In September, the Internet site, Rue 89, raised new and very different questions about Mr. Debat when it reported that an interview he purportedly had done with Senator Obama for a French publication was not authentic. This prompted us to go back to do a second review of Mr. Debat’s work for us, this time under the supervision of Kerry Smith, our Senior Vice President for Editorial Quality, and her staff, together with corporate legal counsel. This review was extremely sensitive, as it required going back to confidential sources in this country and abroad. It also involved traveling to Pakistan to confirm first-hand the circumstances of Mr. Debat’s work there.
Early in our review, we learned that there were other interviews Mr. Debat had published in France that the subjects denied had been conducted. We reported this story immediately on ABC News.com.
We have now completed our review. After going through all of the stories Mr. Debat worked on for ABC News, we found no instances of false reporting. Mr. Debat was not the sole source for anything ABC News reported. Moreover, we confirmed with Mr. Debat’s confidential sources that they had given him the information as he’d claimed in contributing to our reports. We also confirmed that Mr. Debat traveled to the locations in Pakistan as he had claimed and talked with the sources he had identified.
Our review did uncover four details of Mr. Debat’s reporting that we couldn’t confirm. In one case, he mis-identified which branch of U.S. Special forces had engaged in a particular operation, although we did confirm the other facts surrounding the operation. We also found disagreements over the location for two meetings reported on by Mr. Debat, although, again, we could confirm the other facts surrounding the meetings. And, one of the people whom Mr. Debat identified as attending a meeting would neither confirm nor deny that he/she was a direct participant. None of these discrepancies would rise to the level of a formal, on-air retraction because none of them was material to the substance of our report.
There are three changes we are making in our internal practices based on what we’ve learned from this case.
Starting immediately, we will include both our News Practices team and the corporate Human Resources Department in the hiring of all consultants, reviewing in particular claims of prior employment and educational history.
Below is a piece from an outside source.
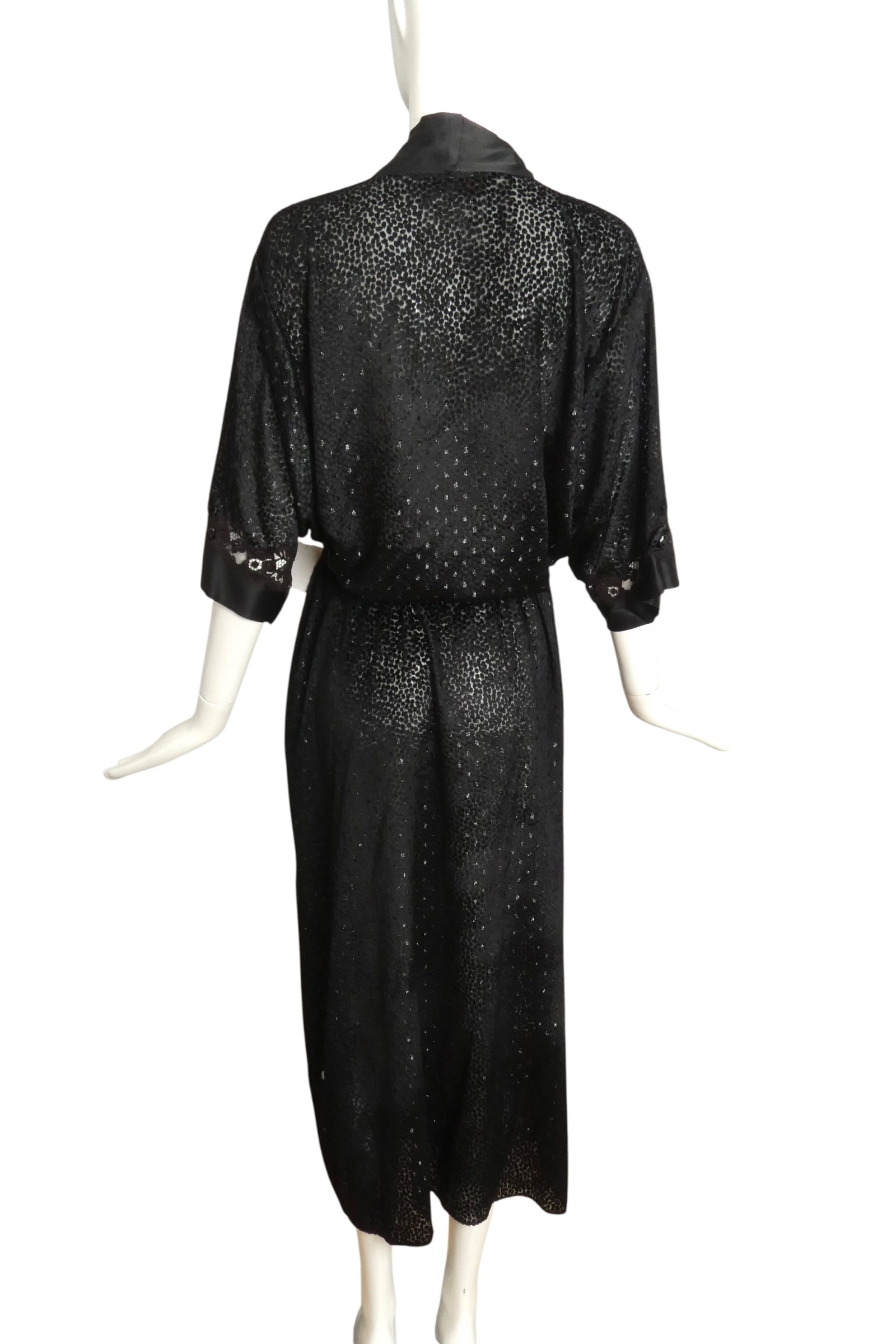CHRISTIAN DIOR- 1980s Black Silk & Velvet Robe, Size Small

We will also undertake a review of current consultants where appropriate.
When we hire a consultant, we will make a determination of exactly how that person will be identified on all programs and platforms.
News Practices will be alerted each time that we include a consultant in our reporting to ensure that the consultant is being used and identified properly.
We undertake extensive efforts in all of our reporting — and particularly in our investigative reporting — to check and double-check information we are given so that no one source can compromise the truth of what we present to our audiences. Based on our review, our overall systems and procedures worked in the case of Mr. Debat. Nothing in our review, of course, condones the instances of resume enhancement or fake interviews that Mr. Debat published elsewhere.